Gulf States Unveil Solution to Red Snapper Management

Gulf States Unveil Solution to Red Snapper Management
Sportfishing and boating community welcomes state-based management approach

Washington, D.C. – March 13, 2015 – In a move long-awaited by the recreational fishing and boating community, the directors of the state fish and wildlife agencies from Alabama, Florida, Louisiana, Mississippi and Texas announced an agreement for state-based management of Gulf of Mexico red snapper, which in recent years has experienced increasing privatization of this public resource and decreasing recreational fishing opportunities. The announcement was greeted with strong enthusiasm from the recreational fishing and boating community, which has supported greater state control of Gulf red snapper.

“Throughout the country, states have proven to be highly successful at fish and wildlife management in a way that conserves natural resources while allowing for reasonable public access,” said Jeff Angers, president of the Center for Coastal Conservation. “The Gulf states are among the nation’s leaders in marine fisheries management, which is why we have continued to look to them as the vehicle for managing Gulf red snapper going forward to get us out of the current mess created by federal mismanagement.”

Gulf of Mexico red snapper is presently managed by the Gulf of Mexico Fishery Management Council, under the National Marine Fisheries Service. The states’ agreement, which is predicated on transferring management authority away from the Council, describes the key elements of a plan in which the Gulf states would coordinate management of red snapper throughout the Gulf of Mexico through the proposed Gulf States Red Snapper Management Authority.

“Coordinated management among the states is the only solution to an unaccountable federal system of fisheries management,” said Congressional Sportsmen’s Foundation President Jeff Crane. “Faced with an untenable situation, the states have risen to the challenge and collectively identified a clear path to a more balanced fishery.”

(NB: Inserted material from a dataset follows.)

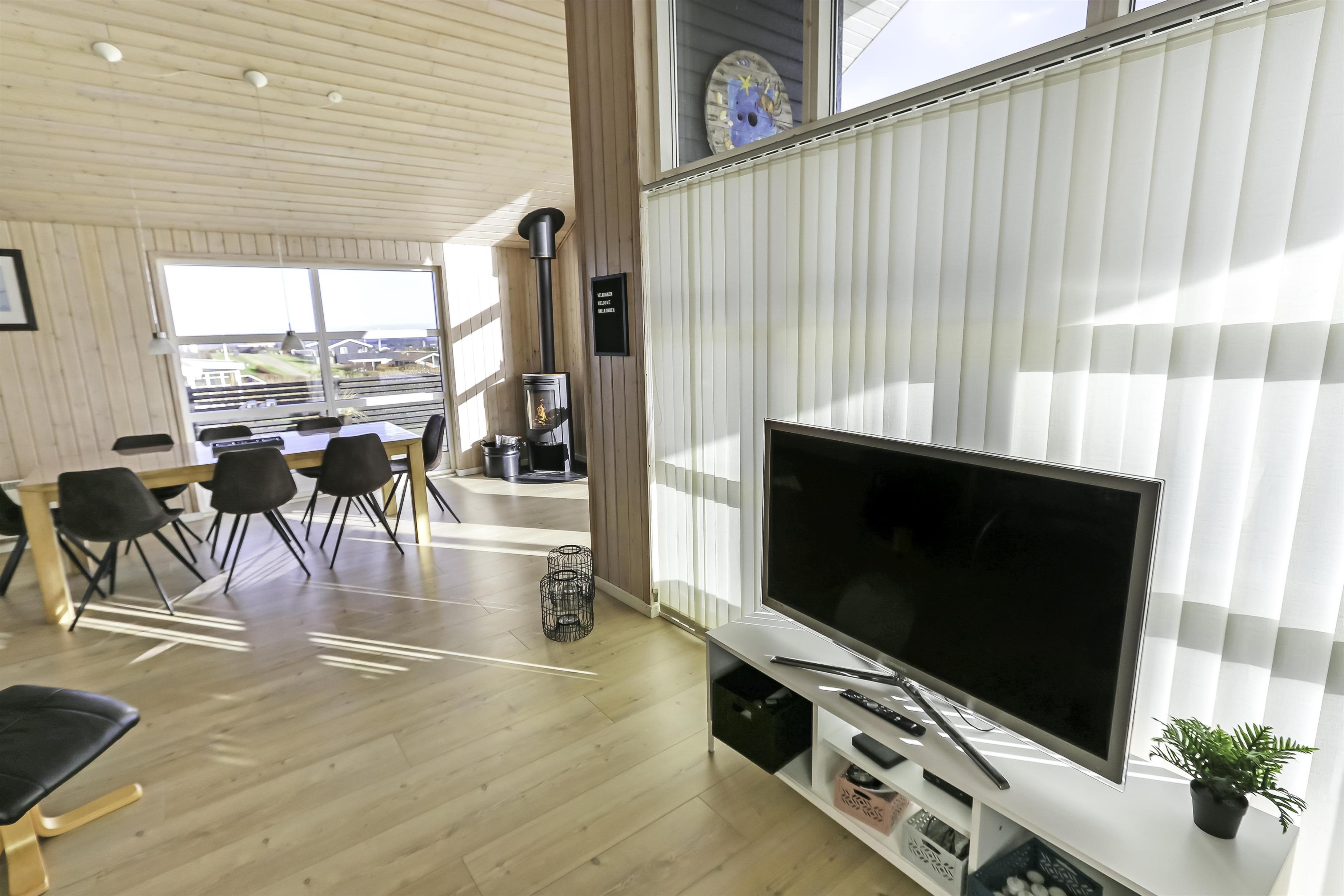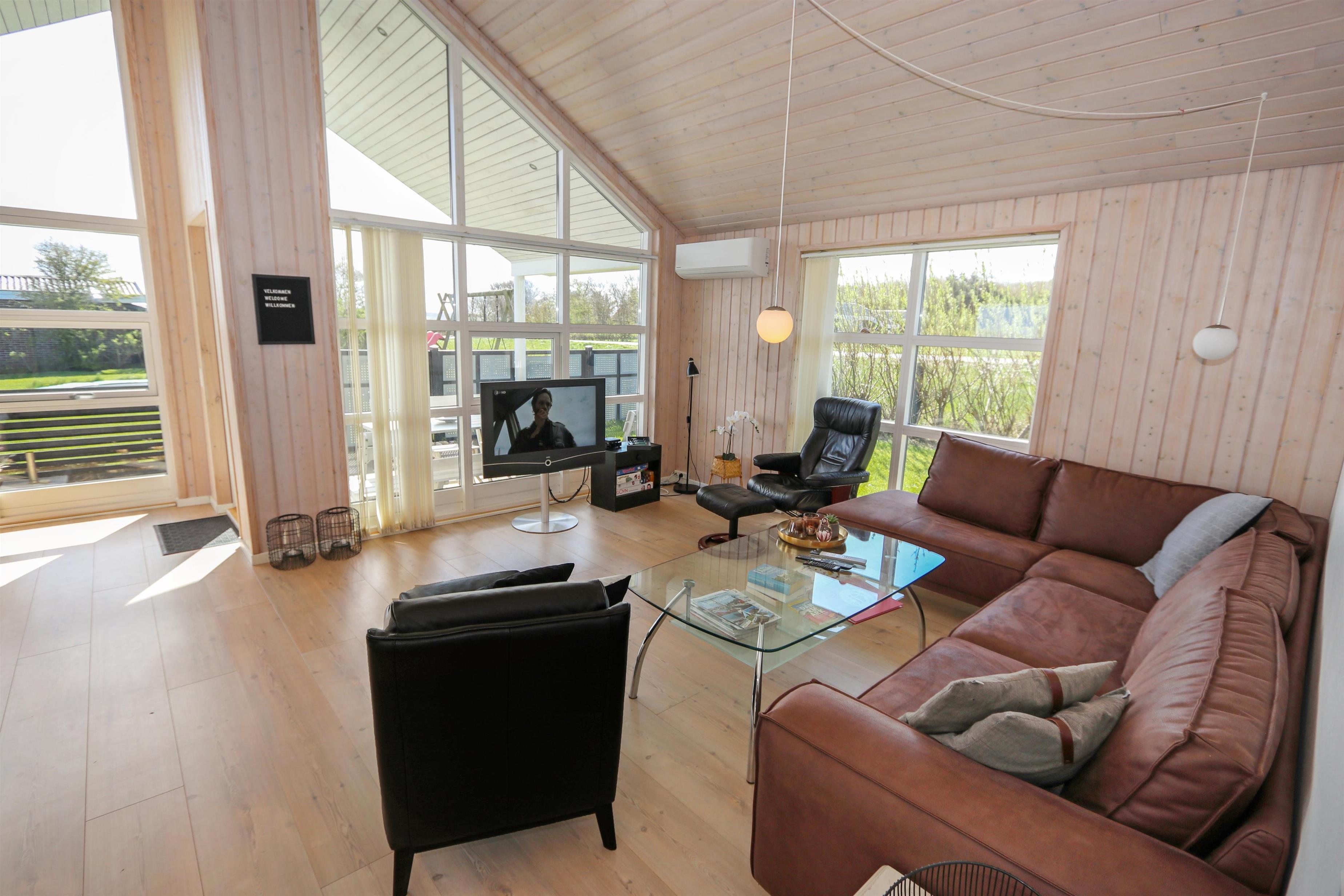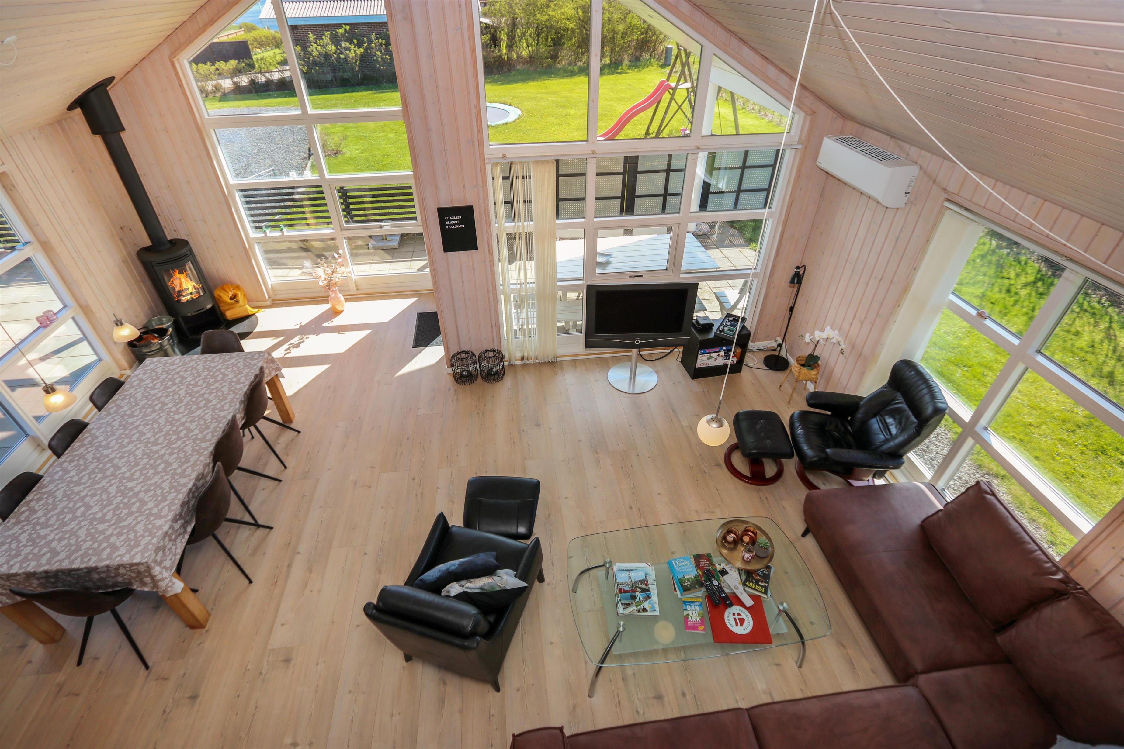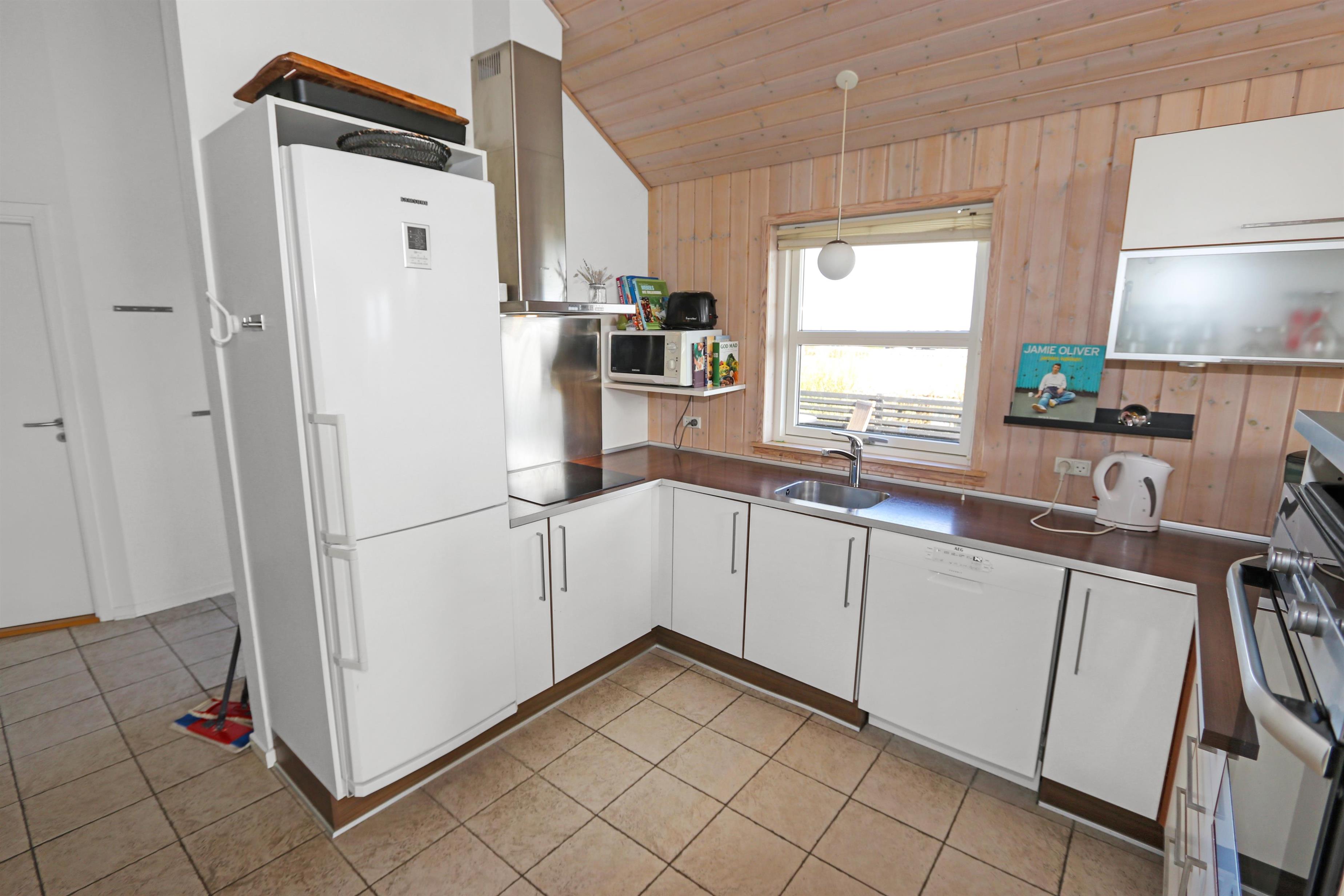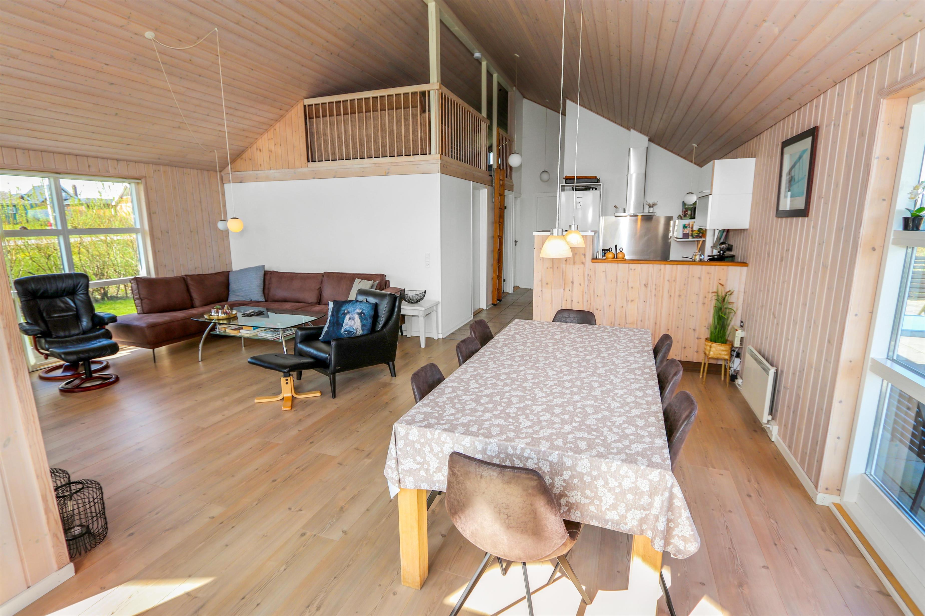 Dette kvalitets feriehus på ca. 98 m2, er bygget i 2009 og er herefter blevet løbende vedligeholdt og renoveret. En rummelig entré med vaskemaskine og tørretumbler byder jer velkommen. En dejlig Kombineret opholdsstue og køkkenhjørne med loft i kip. Opholdsstuen er pænt møblere med bla en hjørnesofa, TV med parabol, som gør at det er muligt at se danske og tyske kanaler samt Chromecast til streaming af abbonnementstjenester. Slap af foran den knitrende brændeovn, som sammen med varmepumpen hjælper med at reducere udgiften til varmeregningen samtidig med I nyder udsigten fra stuen til Limfjorden.

Under this management structure, each state would have authority to manage red snapper out to 200 miles off its coastline. Each state would be responsible for developing and implementing a red snapper management plan for its waters, which would be approved by the rest of the states.

“We have long pushed for the states to take over Gulf red snapper, but until now, we haven’t had a detailed plan for what state-based management would look like,” said Patrick Murray, president of Coastal Conservation Association. “Under this approach, we are confident that management outcomes will begin to align with the health of the resource and anglers’ access to it.”

“Gulf red snapper is incredibly important to the economy of coastal communities throughout the Gulf of Mexico region, and attracts anglers from all across the country,” said Mike Nussman, president and CEO of the American Sportfishing Association. “It’s abundantly clear that the states are best equipped to manage this valuable fishery. It’s time we give them that opportunity.”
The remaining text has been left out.